TICKETCORE is committed to protect your privacy and handle your personal data in an open and transparent manner, in whatever capacity you communicate or cooperate with us, such as indicatively and non limited to, prospective or active clients, employees, suppliers, traders, individuals, consumers or collaborating third parties and in accordance with the definitions and requirements of the General Data Protection Regulation under number 2016/679 on the Protection of natural persons with regard to the processing of personal data and on the free movement of such data.
Collection and processing of personal data depends on the service we provide to you in each individual case, on the case-by-case contractual relationship that links us to the subject of Personal Data, on the legal obligations imposed by the applicable law, the legal rights granted to us by it, and by the explicit consent of the subject on a case-by-case basis. They are subject to processing within the explicitly defined purposes, based on the principles of legality, objectivity and transparency, restriction of purpose and storage period, data minimization, accuracy, integrity and confidentiality, and within the framework of necessity and proportionality governing each processing operation. At the same time, the taking of technical and organizational security measures from the outset ("by design and by default") is ensured for the compliance with the above system of principles, as well as its periodic review and updating.
The status of personal data protection is hereby defined, in the framework of their processing by TICKETCORE and involves persons who have transactions with it, while at the same time the system of rules is described, on the basis of which such processing takes place. This Policy may be amended and adapted at the discretion of TICKETCORE and within the framework of the applicable legislative framework.
TICKETCORE company operates as controller of the processing of your personal data. Contact details with it are: Address: Building B, Science & Technology Park of Crete, Heraklion, 70013 // e-mail: email@example.com // contact phone +30 2810391244.
All kinds of written requests, as provided for herein and in the law, shall be submitted to the above postal and e-mail address, either electronically or in paper form (in person by the data subject himself/herself or by an authorization to a third person certified for the authenticity of signature).

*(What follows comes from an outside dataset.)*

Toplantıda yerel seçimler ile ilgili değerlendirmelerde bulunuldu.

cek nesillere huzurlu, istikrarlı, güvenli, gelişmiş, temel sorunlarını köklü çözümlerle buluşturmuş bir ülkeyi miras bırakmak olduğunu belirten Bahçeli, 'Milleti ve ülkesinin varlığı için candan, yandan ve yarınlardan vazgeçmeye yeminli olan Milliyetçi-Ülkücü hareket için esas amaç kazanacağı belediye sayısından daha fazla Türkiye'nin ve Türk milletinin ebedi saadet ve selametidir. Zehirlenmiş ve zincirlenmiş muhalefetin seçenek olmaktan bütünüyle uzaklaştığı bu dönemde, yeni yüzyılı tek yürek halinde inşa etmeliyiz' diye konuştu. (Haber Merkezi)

The company shall take from the outset ("by design and by default") the appropriate technical and organizational measures to ensure the protection of personal data and access thereto only by the controller or other persons authorized by it and exclusively for the legitimate purposes, for which they have been collected, based on the current regulatory framework.

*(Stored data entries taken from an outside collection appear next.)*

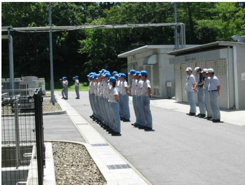
昼礼中のトヨタ工業学園生徒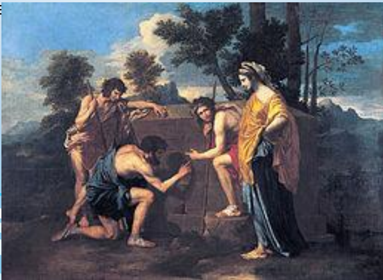
Н. Пуссен «Пастухи Аркадии».1638 -1639 гг. Лувр, Париж

Главными темами искусства классицизма были торжество общественных начал над личными, подчинение чувства долгу, идеализация героических образов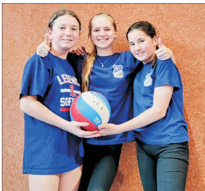
Minivolejbal – modrý tým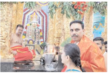
అవ్వకు పూజలు చేస్తున్న డిఎస్పి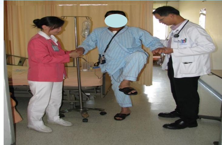
個別床邊指導及訓練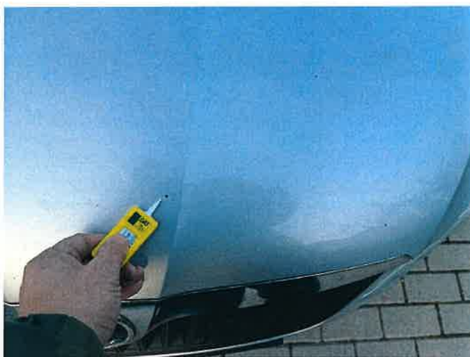
Fot. 20 IMG_8871

In the framework hereof, the definitions of the Regulation are used, among which the following are indicatively but not limited to mentioned:
«personal data» means information relating to identified or identifiable natural persons (“data subjects”), that is, persons who can be identified, directly or indirectly, in particular by reference to an identifier such as a name, an identification number, location data, an online identifier or to one or more factors specific to the physical, physiological, genetic, mental, economic, cultural or social identity of that natural person;
«processing of personal data» means any operation or set of operations which is performed on personal data or on sets of personal data, whether or not by automated means, such as collection, recording, organization, structuring, storage, adaptation or alteration, retrieval, consultation, use, disclosure by transmission, dissemination or otherwise making available, alignment or combination, restriction, erasure or destruction; Finally,
«controller» means the natural or legal person, public authority, agency or other body which, alone or jointly with others, determines the purposes and means of the processing of personal data; where the purposes and means of such processing are determined by Union or Member State law, the controller or the specific criteria for its nomination may be provided for by Union or Member State law;
TICKETCORE shall receive and process personal data only in the framework of a transactional relationship and within the scope of its purpose of activities, depending on the type of contract or service provided or the work entrusted to it, which, indicatively but not limited to, may be: identification details, contact details (address, telephone number, e-mail address), Tax Identification Number, Social Insurance Registration Number, bank account details and so on, depending on the case). The above details are received by our company from the following sources and in the following ways:
In the few cases where we collect personal information from children, we always ask for parental consent, while, if we ever collect such information, we shall do so for the purposes specifically defined upon collection.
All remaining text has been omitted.